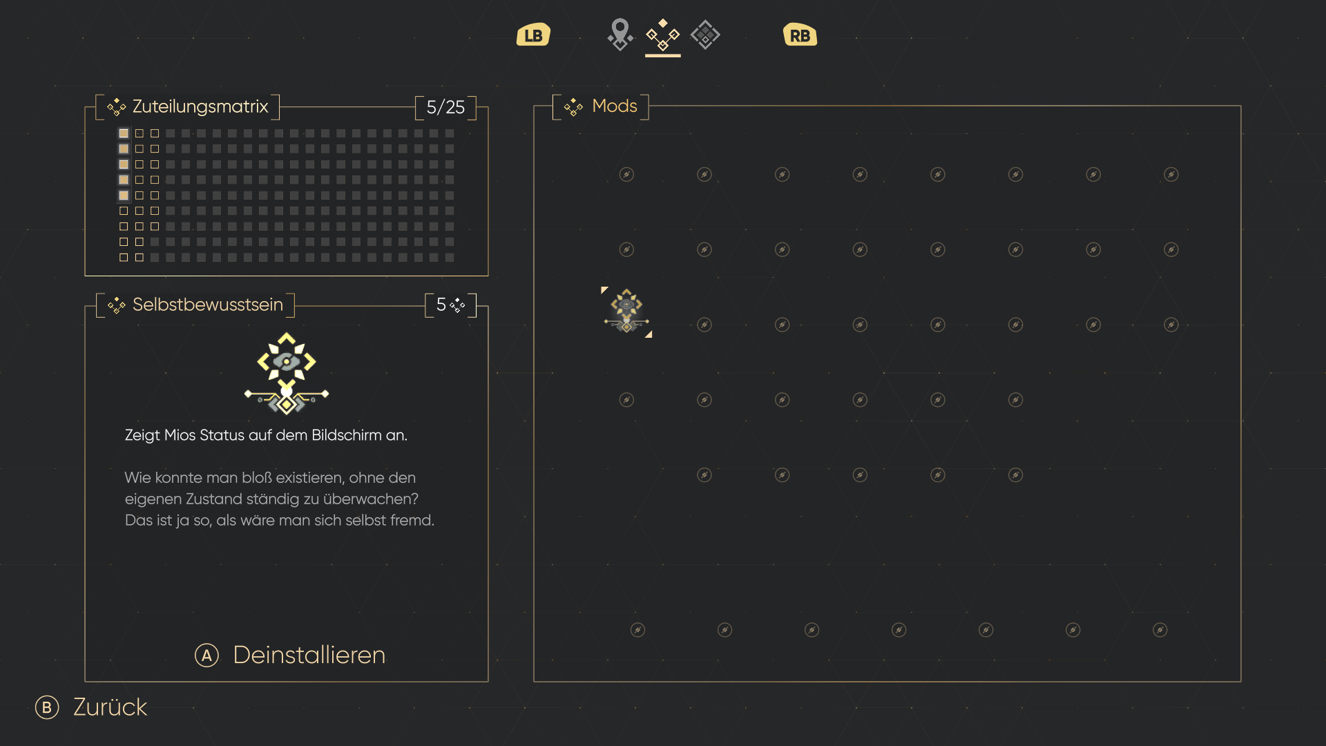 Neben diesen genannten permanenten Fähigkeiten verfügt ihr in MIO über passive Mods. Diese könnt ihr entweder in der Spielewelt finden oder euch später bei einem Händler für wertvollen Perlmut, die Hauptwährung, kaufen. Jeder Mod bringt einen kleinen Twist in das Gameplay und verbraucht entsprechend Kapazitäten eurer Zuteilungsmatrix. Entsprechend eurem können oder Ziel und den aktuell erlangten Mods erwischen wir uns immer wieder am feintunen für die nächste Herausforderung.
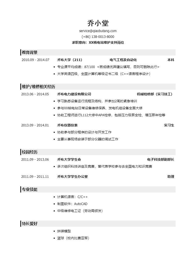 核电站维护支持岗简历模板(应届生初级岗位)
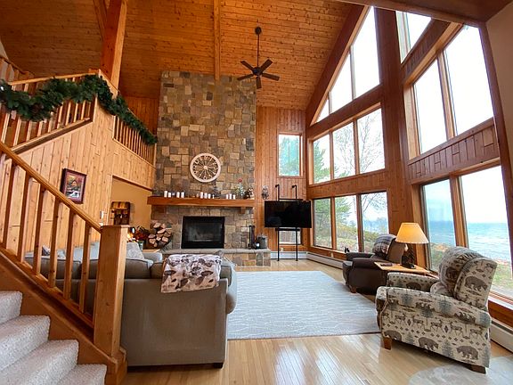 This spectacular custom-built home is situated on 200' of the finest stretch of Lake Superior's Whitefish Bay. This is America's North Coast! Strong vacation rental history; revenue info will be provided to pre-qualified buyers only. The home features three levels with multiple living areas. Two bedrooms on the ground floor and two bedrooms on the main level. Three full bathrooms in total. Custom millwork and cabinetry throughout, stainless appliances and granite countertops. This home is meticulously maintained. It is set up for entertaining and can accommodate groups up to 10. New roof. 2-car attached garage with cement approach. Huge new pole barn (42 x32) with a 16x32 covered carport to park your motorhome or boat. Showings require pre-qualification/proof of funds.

==

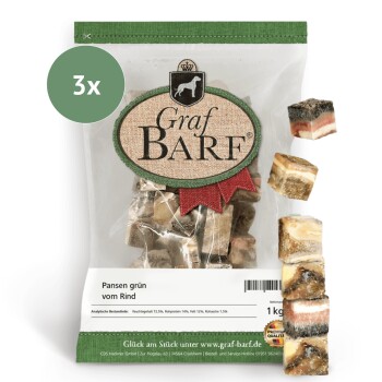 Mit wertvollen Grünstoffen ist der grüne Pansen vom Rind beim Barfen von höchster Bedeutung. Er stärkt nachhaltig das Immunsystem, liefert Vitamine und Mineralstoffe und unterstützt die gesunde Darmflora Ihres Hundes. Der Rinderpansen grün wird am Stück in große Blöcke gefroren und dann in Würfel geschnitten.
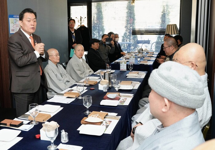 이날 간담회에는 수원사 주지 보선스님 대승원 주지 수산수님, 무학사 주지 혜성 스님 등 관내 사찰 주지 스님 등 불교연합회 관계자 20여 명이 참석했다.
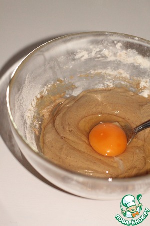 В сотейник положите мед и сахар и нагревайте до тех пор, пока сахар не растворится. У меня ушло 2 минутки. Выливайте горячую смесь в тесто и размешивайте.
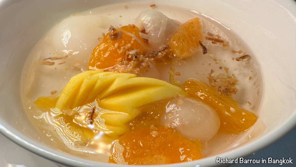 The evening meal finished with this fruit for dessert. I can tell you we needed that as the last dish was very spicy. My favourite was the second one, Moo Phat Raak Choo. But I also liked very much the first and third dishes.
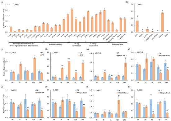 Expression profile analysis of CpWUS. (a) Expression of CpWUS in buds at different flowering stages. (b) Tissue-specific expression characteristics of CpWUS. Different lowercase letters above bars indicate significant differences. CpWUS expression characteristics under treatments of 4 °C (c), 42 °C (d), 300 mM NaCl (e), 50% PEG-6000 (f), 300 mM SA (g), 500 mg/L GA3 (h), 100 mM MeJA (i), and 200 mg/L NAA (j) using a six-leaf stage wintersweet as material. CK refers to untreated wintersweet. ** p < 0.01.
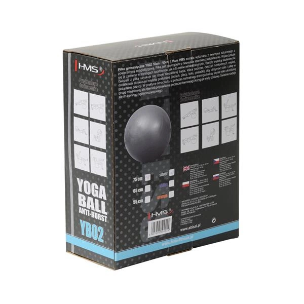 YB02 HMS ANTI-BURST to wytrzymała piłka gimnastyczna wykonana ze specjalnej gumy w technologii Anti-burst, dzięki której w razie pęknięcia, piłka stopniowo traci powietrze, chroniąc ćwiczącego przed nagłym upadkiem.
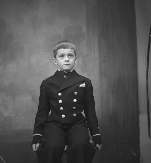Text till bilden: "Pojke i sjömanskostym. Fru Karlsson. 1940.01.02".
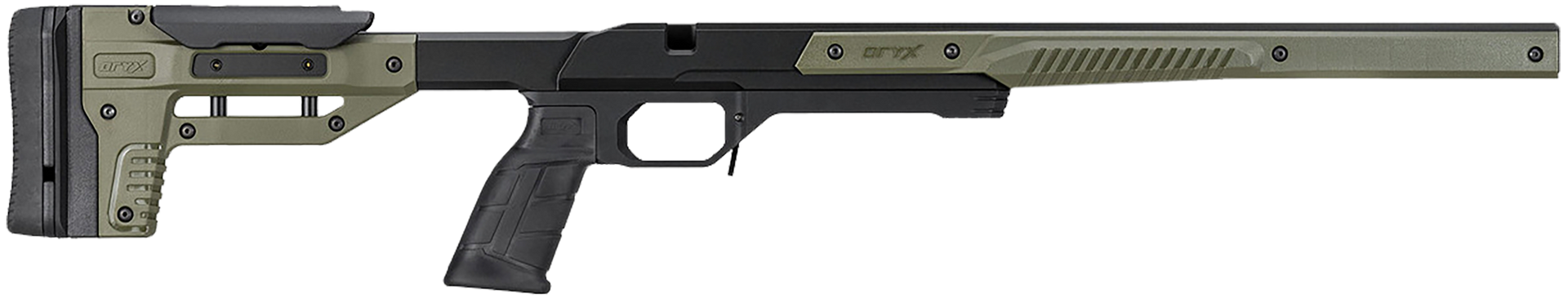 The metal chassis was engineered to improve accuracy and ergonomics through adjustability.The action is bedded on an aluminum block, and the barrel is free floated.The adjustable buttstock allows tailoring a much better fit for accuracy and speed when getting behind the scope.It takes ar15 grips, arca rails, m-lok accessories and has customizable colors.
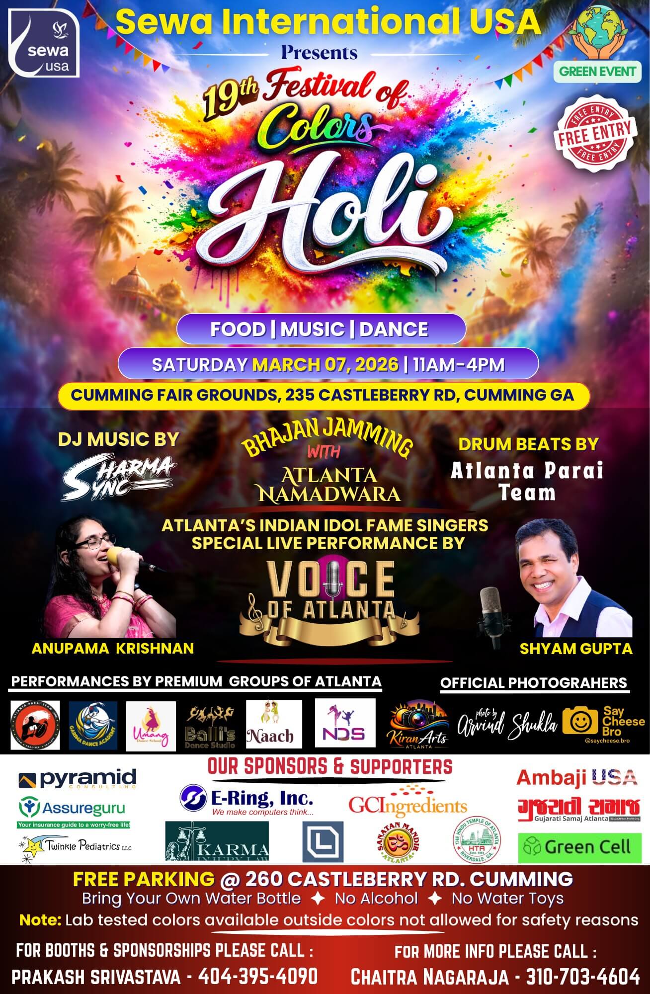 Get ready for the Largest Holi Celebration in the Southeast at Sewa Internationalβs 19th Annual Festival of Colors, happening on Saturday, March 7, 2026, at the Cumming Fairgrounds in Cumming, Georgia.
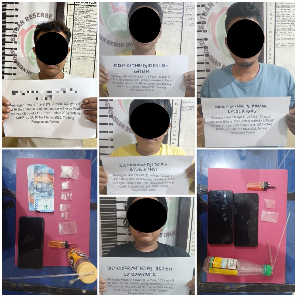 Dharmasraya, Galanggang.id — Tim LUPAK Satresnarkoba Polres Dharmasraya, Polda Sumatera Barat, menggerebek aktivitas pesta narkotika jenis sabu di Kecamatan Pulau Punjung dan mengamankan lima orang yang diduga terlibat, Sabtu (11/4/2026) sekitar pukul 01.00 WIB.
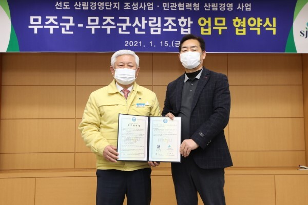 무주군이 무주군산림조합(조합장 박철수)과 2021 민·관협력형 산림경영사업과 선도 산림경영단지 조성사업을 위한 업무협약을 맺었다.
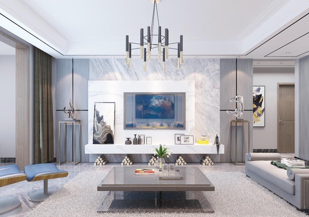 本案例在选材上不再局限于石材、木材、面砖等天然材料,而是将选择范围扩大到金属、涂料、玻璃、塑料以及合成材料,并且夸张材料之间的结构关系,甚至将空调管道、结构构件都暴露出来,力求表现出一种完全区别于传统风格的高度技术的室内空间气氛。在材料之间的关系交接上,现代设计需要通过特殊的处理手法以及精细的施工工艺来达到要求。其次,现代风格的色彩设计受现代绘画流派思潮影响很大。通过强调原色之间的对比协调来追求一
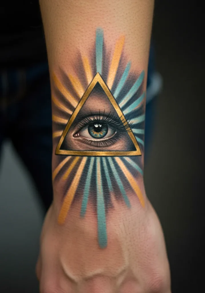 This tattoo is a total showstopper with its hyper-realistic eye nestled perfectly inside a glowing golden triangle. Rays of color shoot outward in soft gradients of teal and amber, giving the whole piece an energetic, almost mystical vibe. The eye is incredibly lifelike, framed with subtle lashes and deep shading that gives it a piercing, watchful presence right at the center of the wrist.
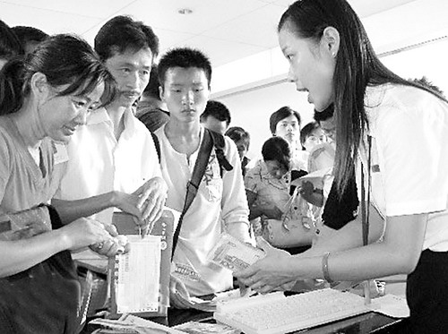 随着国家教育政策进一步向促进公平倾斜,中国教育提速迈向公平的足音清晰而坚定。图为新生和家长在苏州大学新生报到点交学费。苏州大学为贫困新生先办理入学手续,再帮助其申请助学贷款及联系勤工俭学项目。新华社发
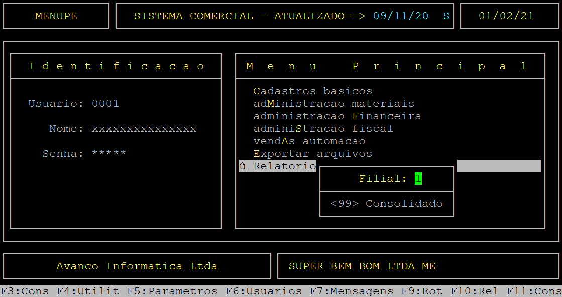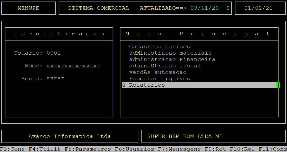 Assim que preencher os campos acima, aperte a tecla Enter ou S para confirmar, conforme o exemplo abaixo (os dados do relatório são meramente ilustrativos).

__How to complete this task__
Within the listing above, print exactly the stretch beginning at the line that contains "Expression profile analysis" and finishing at the line that contains "i sjömanskostym. Fru", ends kept, pictures left out, and nothing more.

__Written solution__
 Expression profile analysis of CpWUS. (a) Expression of CpWUS in buds at different flowering stages. (b) Tissue-specific expression characteristics of CpWUS. Different lowercase letters above bars indicate significant differences. CpWUS expression characteristics under treatments of 4 °C (c), 42 °C (d), 300 mM NaCl (e), 50% PEG-6000 (f), 300 mM SA (g), 500 mg/L GA3 (h), 100 mM MeJA (i), and 200 mg/L NAA (j) using a six-leaf stage wintersweet as material. CK refers to untreated wintersweet. ** p < 0.01.
 YB02 HMS ANTI-BURST to wytrzymała piłka gimnastyczna wykonana ze specjalnej gumy w technologii Anti-burst, dzięki której w razie pęknięcia, piłka stopniowo traci powietrze, chroniąc ćwiczącego przed nagłym upadkiem.
Text till bilden: "Pojke i sjömanskostym. Fru Karlsson. 1940.01.02".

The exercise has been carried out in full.